Rechtliche Beurteilung

[4] 2.1 Gegenstand des Revisionsverfahrens bildet ausschließlich die Frage, ob das Ablehnungsschreiben der Beklagten vom 6. 2. 2018 den in § 12 Abs 2 VersVG normierten Voraussetzungen entsprochen hat und deshalb dem gegen die Klagsänderung erhobenen Verjährungseinwand nach § 12 Abs 1 VersVG die Berechtigung zukommt, wie dies vom Berufungsgericht angenommen wurde.

[5] 2.2.1 Die Ansprüche aus dem Versicherungsvertrag verjähren nach § 12 Abs 1 Satz 1 VersVG in drei Jahren. Ist ein Anspruch des Versicherungsnehmers beim Versicherer angemeldet, so ist nach § 12 Abs 2 Satz 1 VersVG die Verjährung bis zum Einlangen einer in geschriebener Form übermittelten Entscheidung des Versicherers gehemmt, die zumindest mit der Anführung einer der Ablehnung derzeit zugrunde gelegten Tatsache und gesetzlichen oder vertraglichen Bestimmung begründet ist.

[6] 2.2.2 § 12 Abs 1 VersVG enthält eine die Verjährung von Versicherungsansprüchen regelnde Sonderbestimmung (RS0080075). Der Lauf der Verjährungsfrist beginnt mit jenem Zeitpunkt, zu dem die Fälligkeit der geforderten Leistung eintritt (RS0080324; RS0080075 [T2]).

[7] 2.2.3 Wenn der Versicherer die Versicherungsleistung endgültig ablehnt, wird der Entschädigungsanspruch sofort fällig (RS0114507), sodass die Versicherungsleistung mit Leistungsklage geltend gemacht werden kann (RS0080481 [T5]).
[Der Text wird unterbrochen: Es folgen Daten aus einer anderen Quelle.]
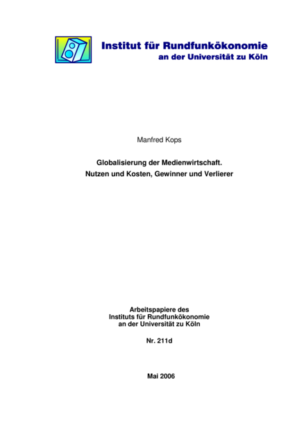 Köln: Institut für Rundfunkökonomie an der Universität zu Köln (2006), 66 pp.
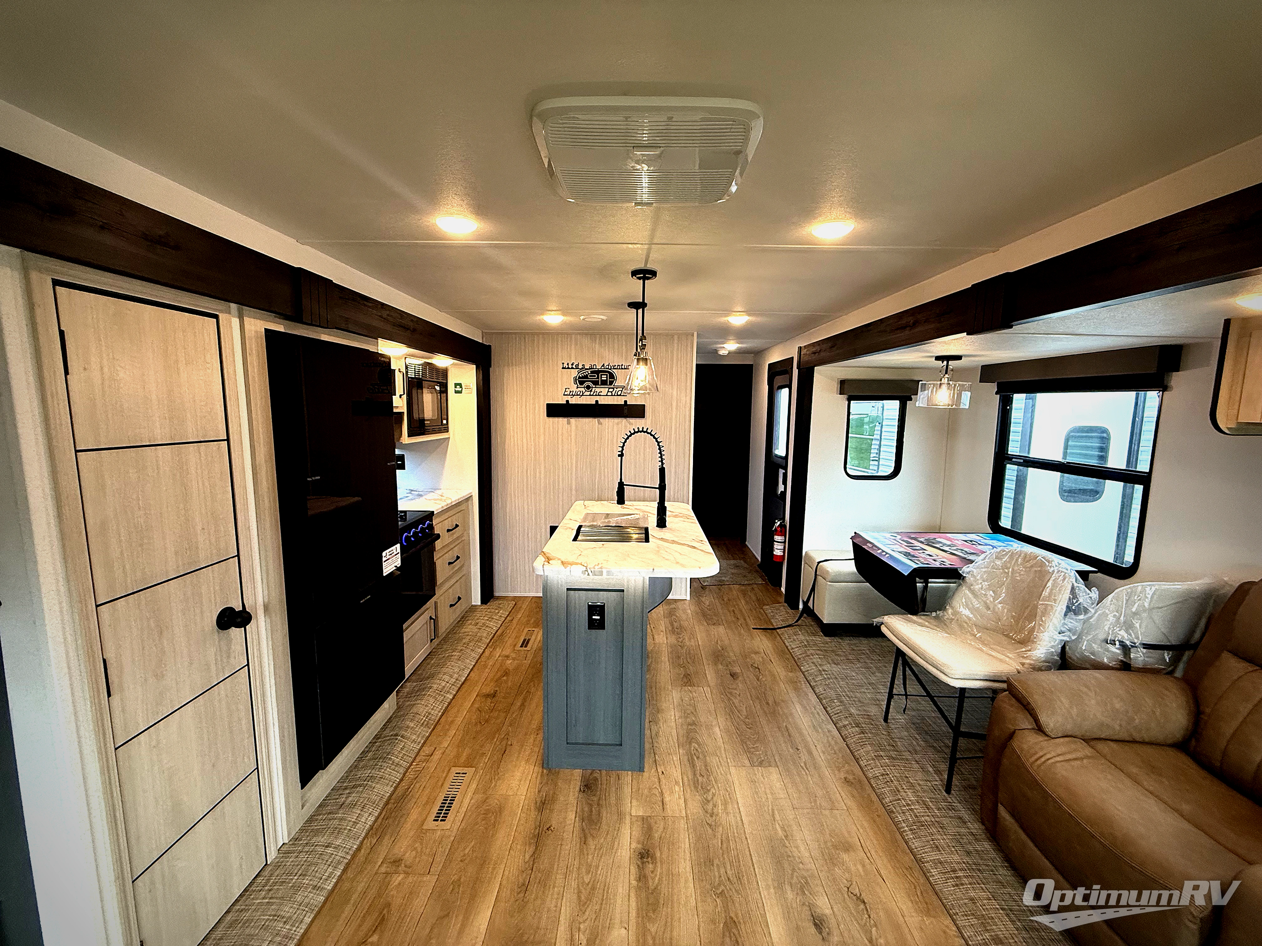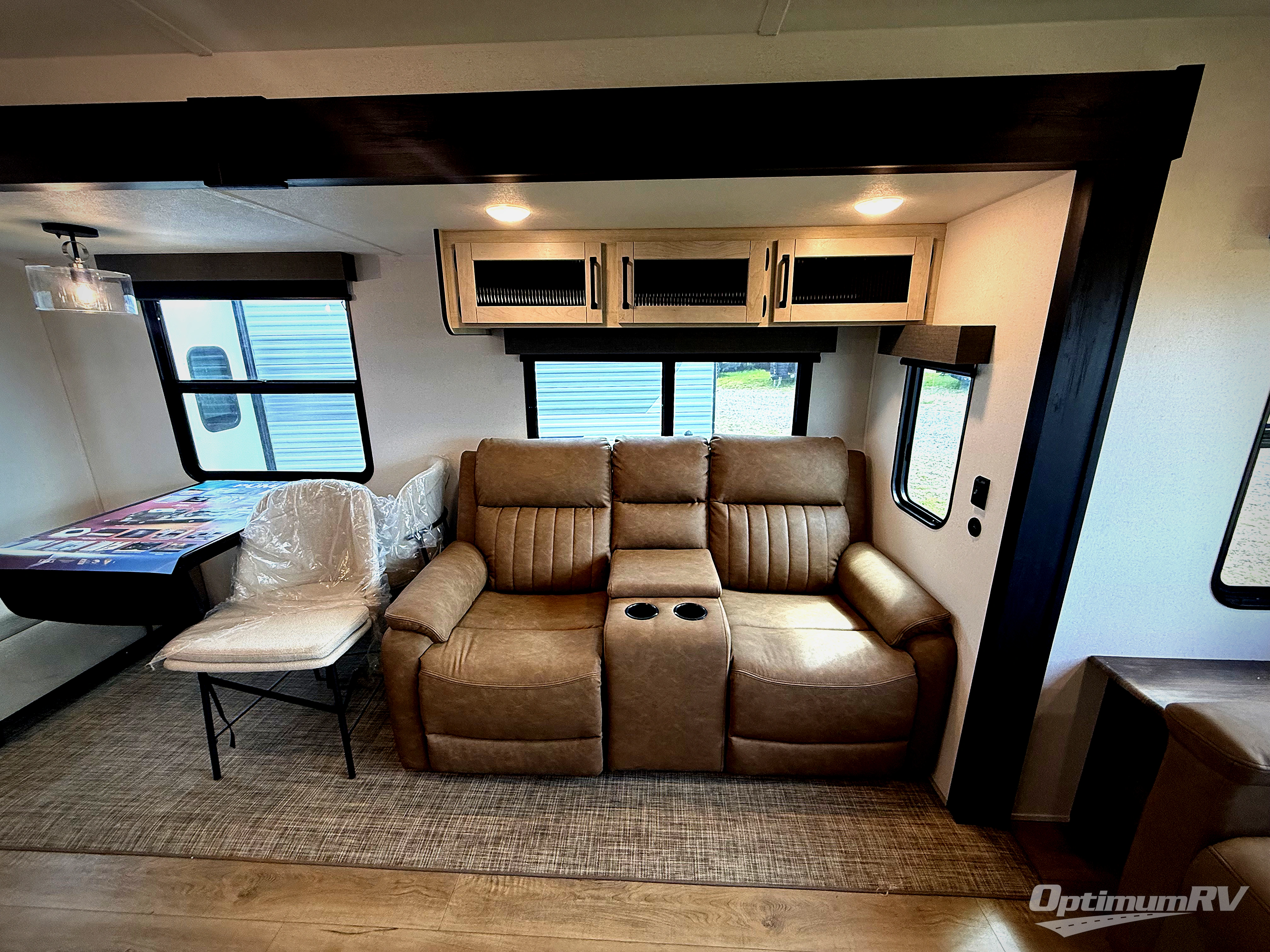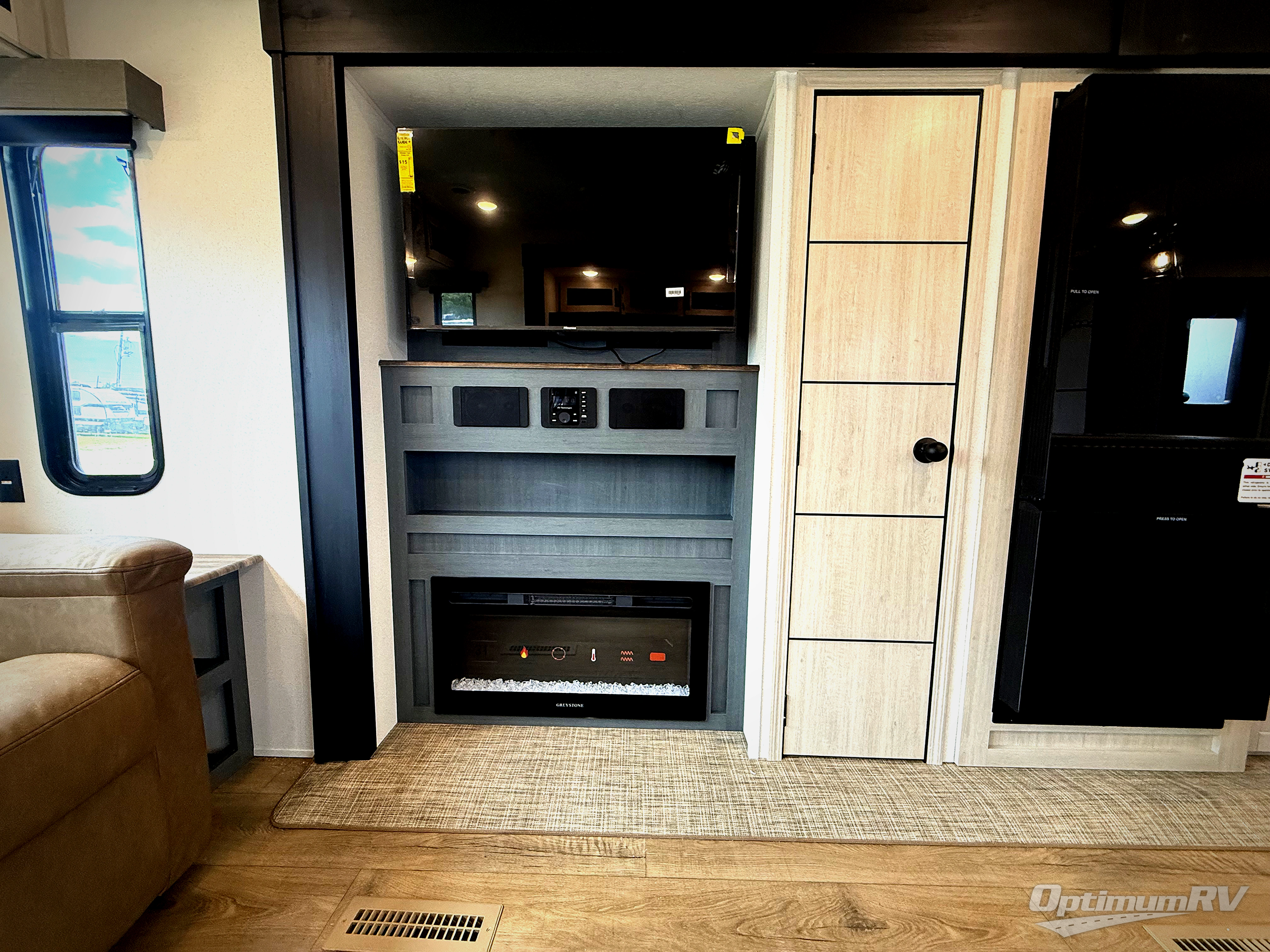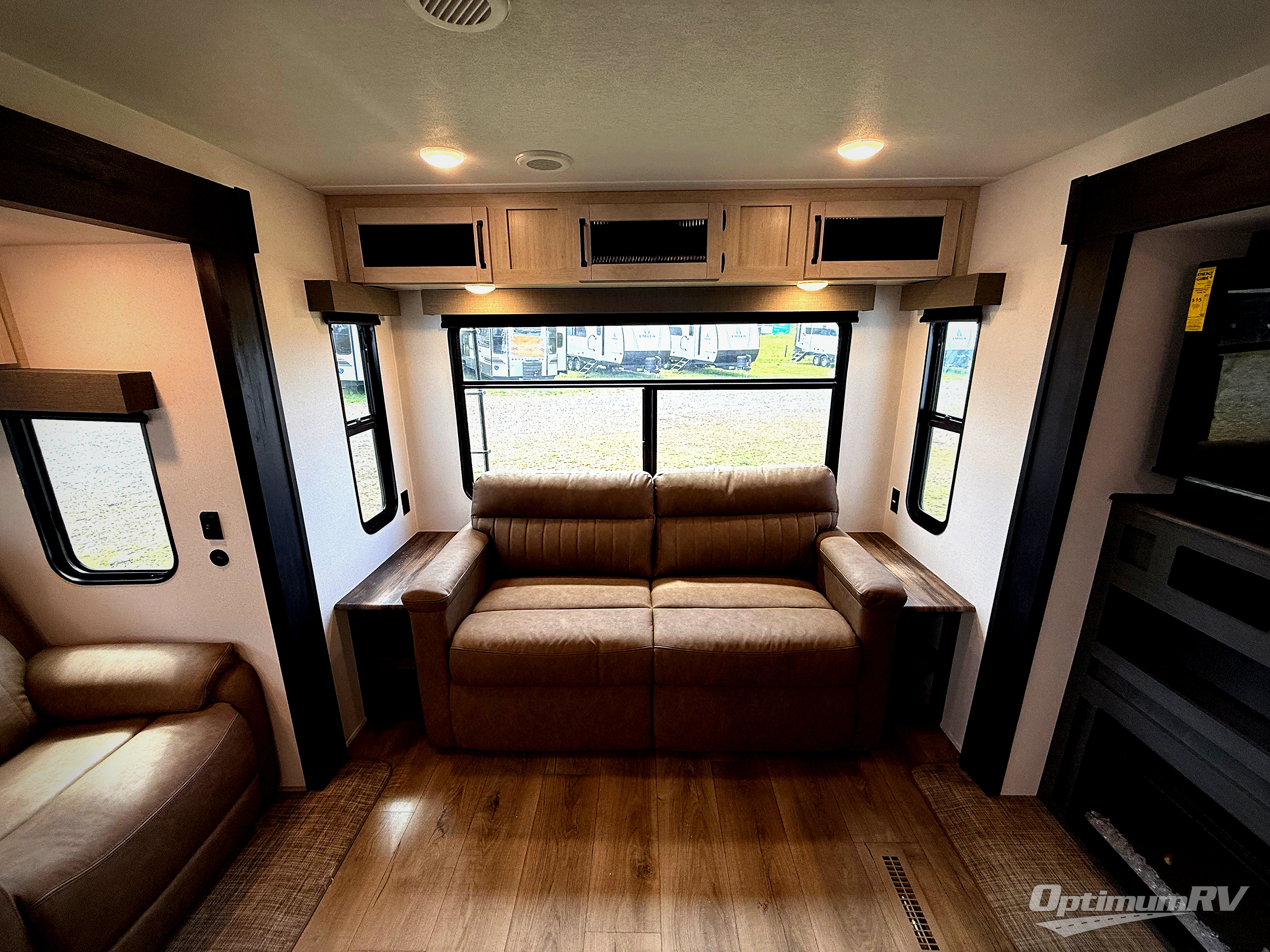 You're going to feel right at home in this travel trailer! The front private bedroom has a queen bed slide for a good night's rest, a dresser and front closet for your clothes, and another closet with washer and dryer prep. Freshen up each morning in the full bathroom with the 32" x 40" shower with a seat and then head to the kitchen to fry up some eggs on the stainless steel oven and range. You will also appreciate having a kitchen island for easier meal prep and a walk-in pantry to easily see your canned goods and snacks. The booth dinette offers a comfortable place to dine, play, and even sleep once converted. What better way to wind down your nights than to relax on either the rear sofa or in one of the two recliners across from the entertainment center with a fireplace!

[8] 2.2.4 Der Kläger argumentiert, dass die Fälligkeit des Leistungsanspruchs wegen Fehlens der der Ablehnung zugrunde gelegten gesetzlichen oder vertraglichen Bestimmung nicht mit dem Schreiben vom 6. 2. 2018 eingetreten sei, sondern erst mit dem weiteren Schreiben vom 28. 9. 2018, in dem ausdrücklich auf den Risikoausschluss nach Art 20.8 der Bedingungen verwiesen worden sei.

[9] Hier übersieht er zum einen, dass er eine mangelnde Begründung des Ablehnungsschreibens vom 6. 2. 2018 bislang nie einwandte, sondern sogar ausdrücklich vorbrachte, dass mit diesem Schreiben die endgültige Ablehnung erfolgt sei. Zum anderen hat der Oberste Gerichtshof auch bereits der monierten fehlenden Angabe einen der Ablehnung zugrunde gelegten gesetzlichen oder vertraglichen Bestimmung iSd § 12 Abs 2 VersVG entgegengehalten, dass auch die für den durchschnittlich verständigen Versicherungsnehmer ausreichend klare Bezugnahme auf die Versicherungsbedingungen ausreichend ist (vgl 7 Ob 182/06z = RS0080224 [T6] = RS0114507 [T6]).

[10] 2.2.5 Vor diesem Hintergrund erweist sich die Beurteilung des Berufungsgerichts, dass die Verjährung des Leistungsanspruchs bereits mit dem Schreiben vom 6. 2. 2018 begann, als nicht korrekturbedürftig; hat doch der Versicherer durch die Anführung, dass der Versicherungsnehmer den Unfall infolge einer wesentlichen Beeinträchtigung der Leistungsfähigkeit durch Alkohol erlitten habe und derartige Unfälle nach den Allgemeinen Bedingungen von der Versicherung ausgeschlossen seien – auch ohne die konkrete Anführung des Art 20.8 UB00 – seine Ablehnung ausreichend klar mitdiesem Risikoausschluss begründet.

[11] 3. Dieser Beschluss bedarf keiner weiteren Begründung (§ 510 Abs 3 ZPO).

[12] 4. Die Kostenentscheidung gründet auf die §§ 41, 50 ZPO; die Beklagte hat auf die Unzulässigkeit der Revision hingewiesen.